这确实是一个缺陷。修复程序正在进行中,应记录在“服务发行说明”中。

A workaround in the meantime is to use the 1.9.1 SDK, as this error only affects 2.x SDKs.

同时解决方法是使用1.9.1 SDK,因为此错误仅影响2.x SDK。

Users interested in picking up the fix early can also use the latest nightly build from Beam (recommended to unblock development, not for production, since it's a daily build). Instructions here.

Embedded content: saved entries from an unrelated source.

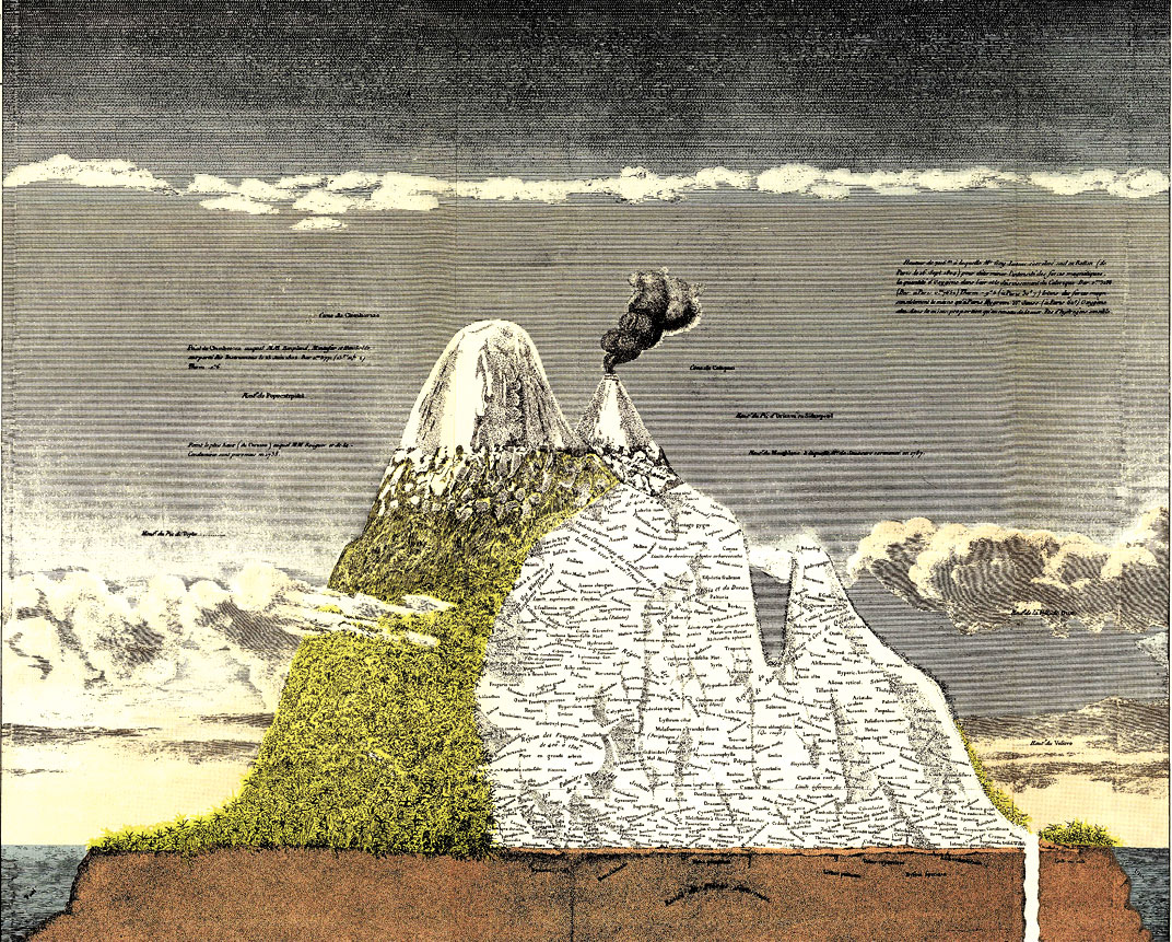 Je retourne au port puisqu’un autre exemple remarquable se trouve sur l’île voisine. La carte d’Alexander von Humboldt, Géographie des plantes des pays tropicaux : étude des Andes (1807)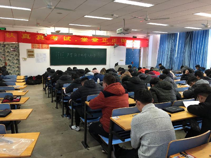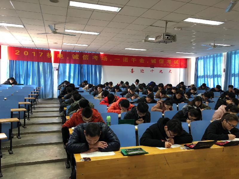 为深入贯彻落实党的十九大精神,积极培育和践行社会主义核心价值观,培养学生诚信观念,加强学风建设,在本学期末考试中,我院2017级机械电子工程专业在全校范围内申请了无人监考的“诚信考场”,并取得了圆满成功。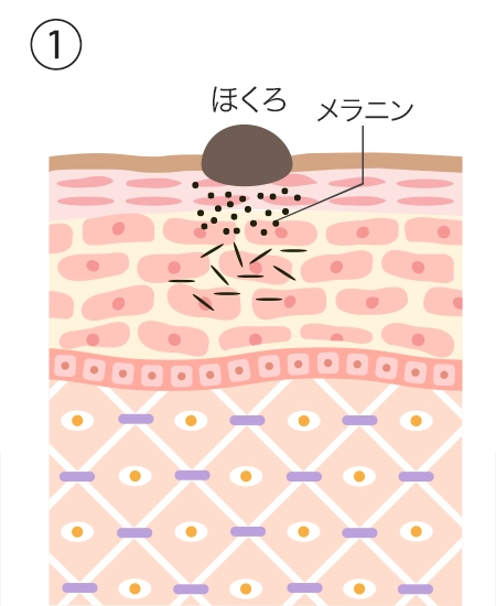 エルビウムヤグレーザーによる、ほくろ・イボ除去は痛みが少ないため、麻酔なしで治療が可能です。また、照射する周辺組織へのダメージも少ないので治癒期間が短いのも特徴です。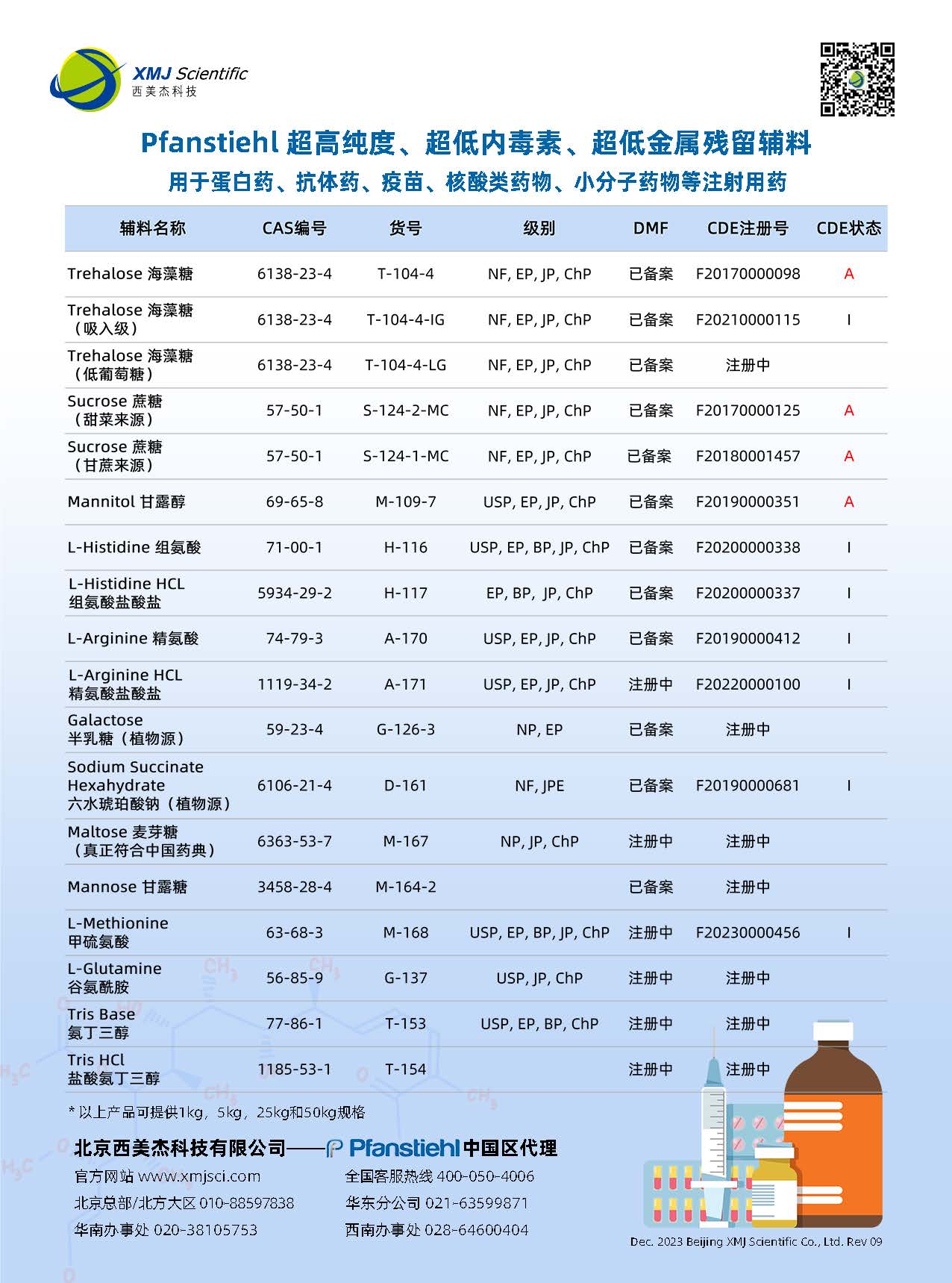Pfanstiehl Inc.成立于1919年, 公司總部位于美國(guó)芝加哥市北郊沃吉根工業(yè)區(qū),是美國(guó)老字號(hào)企業(yè)之一,也是一家真正的cGMP生產(chǎn)商。作為一家有著百年基業(yè)和沉淀的公司,Pfanstiehl Inc立志將產(chǎn)品質(zhì)量做到極致,是全球生物制藥領(lǐng)域超純糖類、氨基酸類以及其他尖端分子的領(lǐng)先生產(chǎn)商,迄今已服務(wù)全球蛋白藥、抗體藥、疫苗、mRNA及核酸類藥物等領(lǐng)域100年以上。Pfanstiehl Inc. 超高純度、超低內(nèi)毒素,超低金屬離子含量的輔料制劑產(chǎn)品,全面的技術(shù)和法規(guī)審計(jì)支持,真正的cGMP質(zhì)量控制體系,接受FDA的定期監(jiān)察審計(jì)等都被國(guó)際知名生物制藥公司所認(rèn)可。Pfanstiehl Inc.是全球超高純度、超低內(nèi)毒素、超低金屬離子含量等注射級(jí)糖類的領(lǐng)先制造商,產(chǎn)品生產(chǎn)均參照ICHQ7質(zhì)量體系。自2015年進(jìn)入中國(guó)市場(chǎng)以來,Pfanstiehl Inc.已獲得13個(gè) CDE登記號(hào),主要產(chǎn)品含括海藻糖,蔗糖,D-甘露醇,組氨酸,組氨酸鹽酸,精氨酸,精氨酸鹽酸,琥珀酸鈉,甲硫氨酸等,其中海藻糖F20170000098,甘蔗源蔗糖F20180001457和甜菜源蔗糖F20170000125, D-甘露醇F20190000351的CDE號(hào)均已激活。 Pfanstiehl Inc.于2023年又重磅推出注射級(jí)Tris和Tris HCl,這將是全球高質(zhì)量的Tris和Tris HCl。作為一家有著百年歷史的企業(yè),Pfanstiehl Inc. 也在持續(xù)投資,不斷擴(kuò)充產(chǎn)品管線和擴(kuò)大生產(chǎn)產(chǎn)能,以滿足和支持全球生物制藥行業(yè)的快速發(fā)展,特別是更好的助力中國(guó)生物制藥的發(fā)展需求。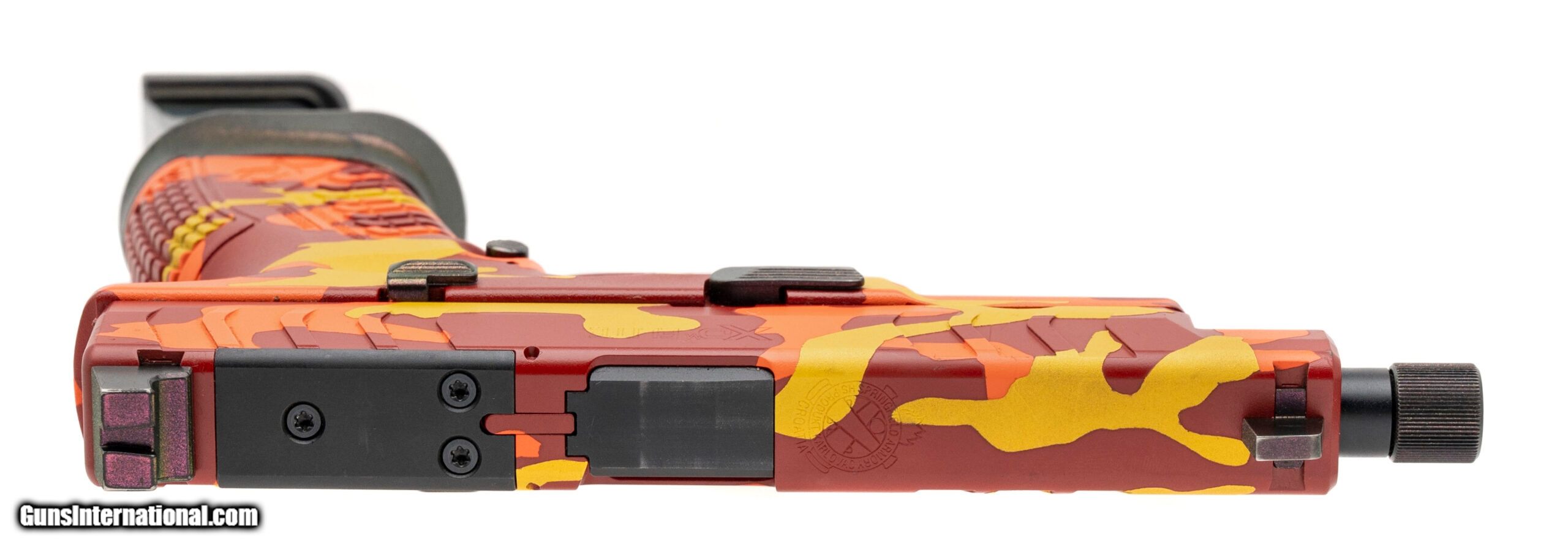 Description: "SN: BY305840. Modern production, 9mm with a 4.5"" threaded barrel. Bore is bright with strong rifling. Full size striker fired pistol with an optic cut, suppressor height sights, flared magwell, and custom cerakoted camo finish & sparkle coated accents. Metal shows light handling wear. Overall condition is very good. SOLD |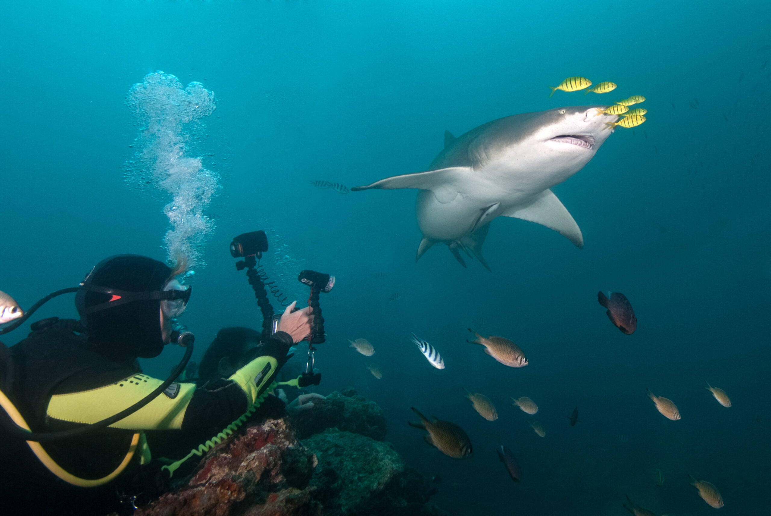 Within a 15- to 30-minute boat ride from Waidroka, divers regularly explore spectacular walls, pinnacles, swim-throughs and coral gardens. Fiji is one of those destinations where divers canโt decide whether to look around in the blue or focus on finding tiny critters because both pelagics and macro subjects abound on these reefs. Thereโs even a wreck to explore, the Tasu II, or a dive in the Twilight Zone โ a site not decorated with pretty corals, but rather alien-looking volcanic formations. At the Twilight Zone, the payoff is an encounter with any one of the regular inhabitants of this reef: schools of barracuda, eagle rays, stingrays, leopard sharks, guitar sharks, whitetip reef sharks, grey reef sharks or turtles. As good as the diving is and as wide a range of underwater sights as there are to see, Waidrokaโs unique experience doesnโt stop there.
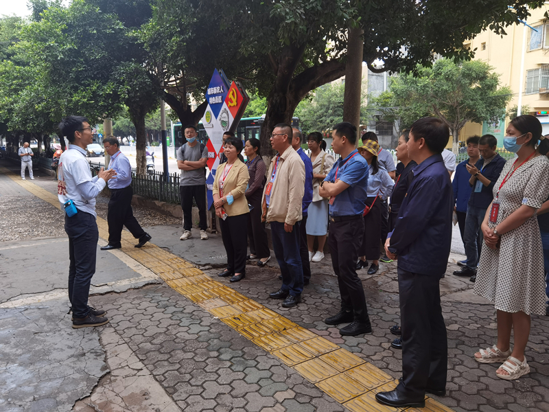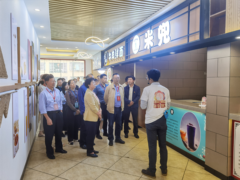 調研工作分為兩個階段,在第一階段中,調研組一行在產教聯盟的帶領講解下通過實地走訪的方式調研了我院產教聯盟打造的少數民族產品孵化平臺、少數民族文化設計中心、少數民族人才孵化平臺等。在第二階段中,驗收組一行在產教聯盟大廳聽取了產教聯盟負責人從黨建引領民族團結、如何通過職教助力鑄牢中華民族共同體意識,如何在鄉村振興的大旗下推動各民族共同團結奮斗的具體做法等三個方面介紹了我院產教聯盟在推動五華區民族團結創建所做的工作。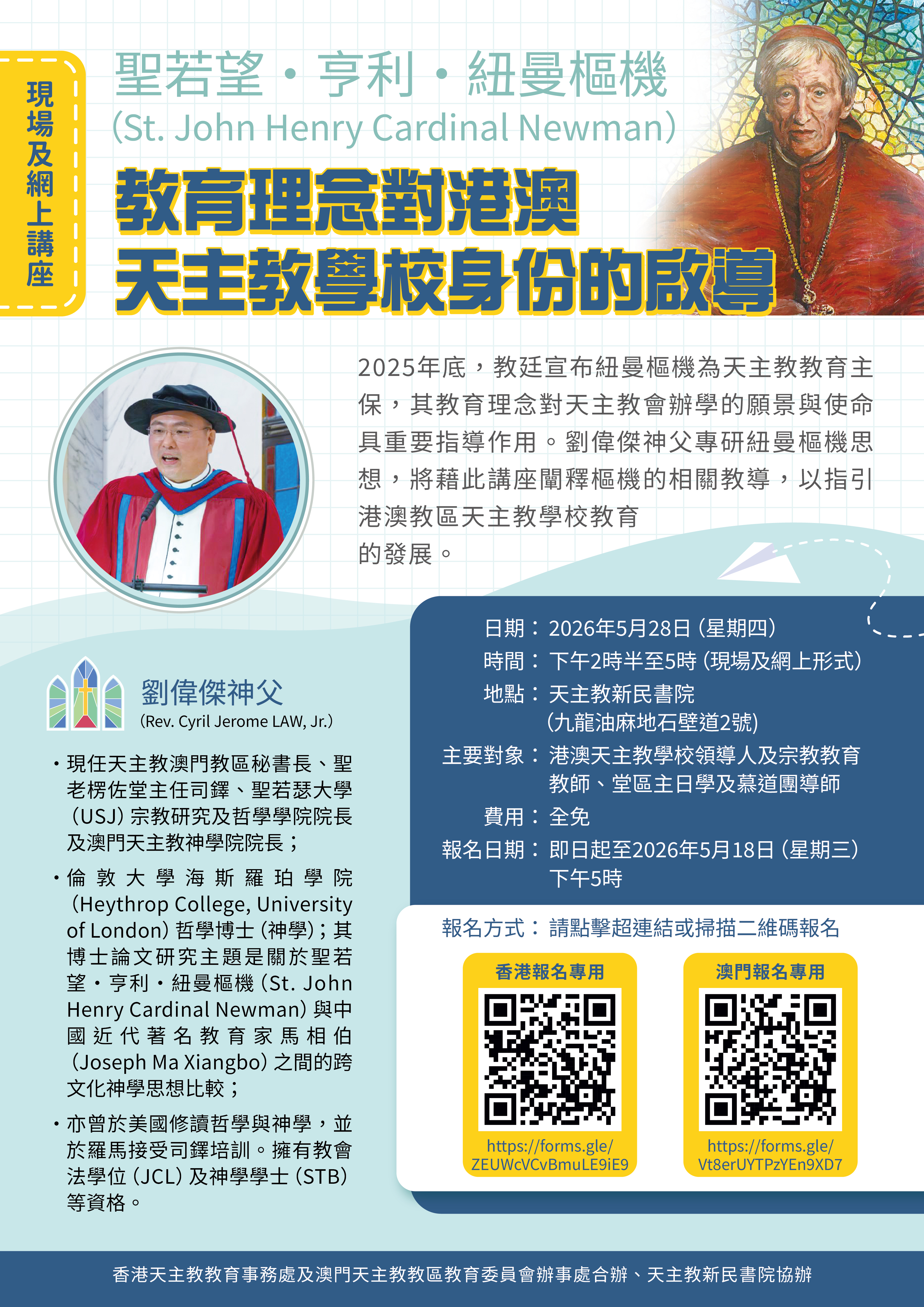 2025年底,教廷宣布聖若望・亨利・紐曼樞機為天主教教育主保,其教育理念對天主教會辦學的願景與使命具重要指導作用。現服務於澳門教區的劉偉傑神父專研紐曼樞機思想,將藉此講座闡釋樞機的相關教導,以指引港澳教區天主教學校教育的發展。

有兴趣尽早获得修复的用户也可以使用Beam的最新夜间版本(建议解锁开发,而不是生产,因为它是每日构建)。说明在这里。

#1


3  

This is indeed a defect. A fix is in flight and should be documented as available in the Service Release Notes.

这确实是一个缺陷。修复程序正在进行中,应记录在“服务发行说明”中。

A workaround in the meantime is to use the 1.9.1 SDK, as this error only affects 2.x SDKs.

同时解决方法是使用1.9.1 SDK,因为此错误仅影响2.x SDK。

Users interested in picking up the fix early can also use the latest nightly build from Beam (recommended to unblock development, not for production, since it's a daily build). Instructions here.

有兴趣尽早获得修复的用户也可以使用Beam的最新夜间版本(建议解锁开发,而不是生产,因为它是每日构建)。说明在这里。